H33H-1710
Bronx River Breathing: An analysis of the effect of pollution on productivity in the Bronx River

Wednesday, 16 December 2015
Poster Hall (Moscone South)
Georgia Mae Bolduc, Bowdoin College, Earth and Oceanographic Sciences, Brunswick, ME, United States
Abstract:
Since the 20 century, the rate of urbanization has been increasing, and today over half

the global population lives in urban areas (United Nations World Urbanization Prospects, 2014). This increasing urbanization has impacted environments around the world, particularly urban waterways. In New York City, pollution from infrastructure such as CSOs (combined sewer overflows) and MS4s (municipal separate storm sewer systems) deposit high concentrations of nutrients and fecal matter into the city’s surrounding waterways.
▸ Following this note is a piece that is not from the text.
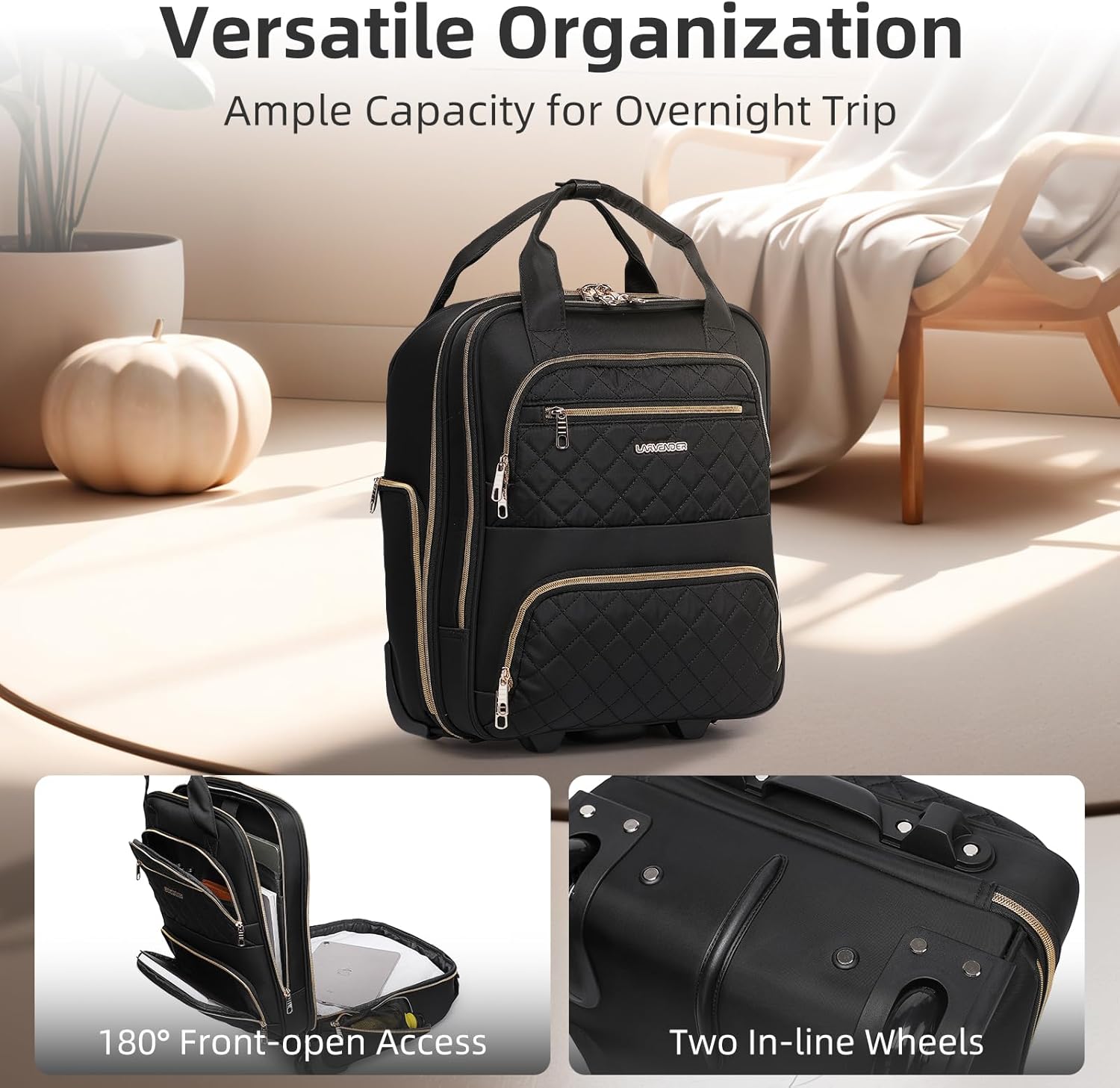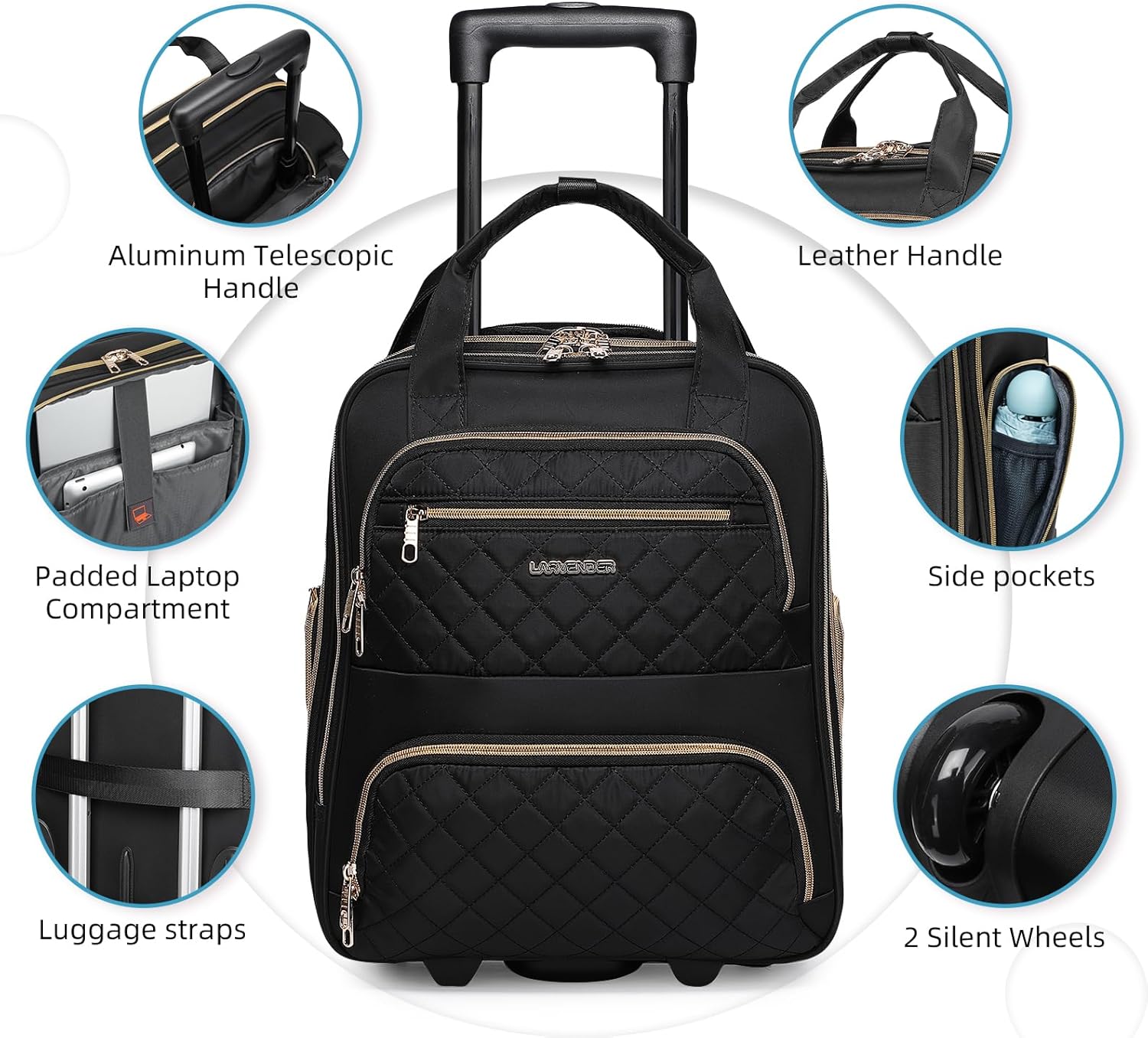 - Sturdy Yet Ergonomic: Top with a resistant iron handle, this underseat roller bag provides effortless pulling and ergonomic comfort for frequent travelers. Back with a smart sleeve to attach atop a carry-on while boarding

The Bronx River, the city’s only fresh water river, has historically suffered from eutrophication and hypoxia from these inputs. This study aimed to examine the oxygen content and characterize vegetative productivity on the Bronx River as a means to determine the effect that pollution has had on the river’s metabolism. Two YSI sites, (Yellow Spring Instrument) measuring temperature, salinity, conductivity, depth, pH, turbidity, total dissolved solids, chlorophyll, blue/green algae, and oxygen content were utilized to characterize the water quality. Complementary, discrete water samples were collected to analyze water quality parameters that are inaccessible via YSI instrumentation, measuring concentrations of NO3, PO4 and enterococci fecal indicator bacteria. It was hypothesized that with the combination of efforts to clean up the Bronx, and the absence of CSOs upstream of the study area, that relatively low pollution levels would be recorded. It was found that though the river was highly hypoxic, both chlorophyll and nutrient concentrations were low, indicating that low oxygen concentrations were not the result of high levels of pollution and eutrophication. However, high concentrations of enterococci bacteria suggest that the Bronx is still very polluted. Hypoxic conditions within water bodies have been associated with a decreased capacity for bacteria to “fix” nitrogen and phosphorous pollutants into NO and PO4 for plant uptake (Roberts et al., 2012), and could explain low concentrations of NO3 and PO4 in the river in the context of high concentrations of enterococci bacteria. Future research should measure other nitrogen and phosphorous species to better determine if nutrient loading is occurring.